American ice hockey player (born 1985)

Riley Gill (born January 1, 1985) is an American former professional ice hockey goaltender. He last played for the Allen Americans of the ECHL, where he won Goaltender of the Year in 2016–17 and backstopped the team to two Kelly Cup playoff championships in 2015 and 2016.

==Playing career==
Gill attended the Western Michigan University from 2006 to 2010, where he played NCAA Division I college hockey with the Western Michigan Broncos men's ice hockey team. He completed his four years at Western Michigan University with an NCAA career 2.94 goals-against average and a .915 save percentage. and established team records for the most games played (111) and the best all-time save percentage in WMU history.

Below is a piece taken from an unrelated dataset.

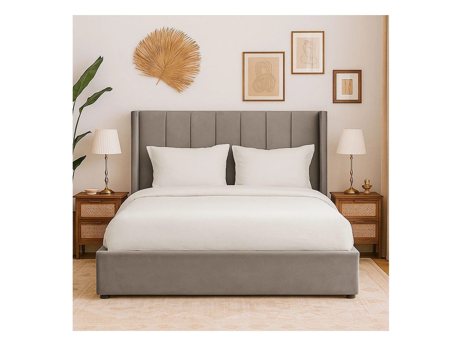 Lit Adulte Sommier Relevable "Fady" 180x200cm Taupe

Gill began his professional career in the ECHL by joining the Kalamazoo Wings near the end of the 2009–10 ECHL season. During the 2012–13 ECHL season, he was selected as the ECHL's playoff MVP in helping the Reading Royals claim their first Kelly Cup.

At the end of the 2012–2013 season, Riley Gill was selected as the Sher-Wood Goaltender of the Year. "Gill led the league in wins (25-tied) and shootout wins (four) and set a new SPHL record with five shutouts. His 2.43 goals against average ranked second, while his .918 save percentage was tied for third-best. Gill’s strong play helped Louisiana to a 20-point improvement from last season, as the IceGators finished tied with Fayetteville for most points (73)."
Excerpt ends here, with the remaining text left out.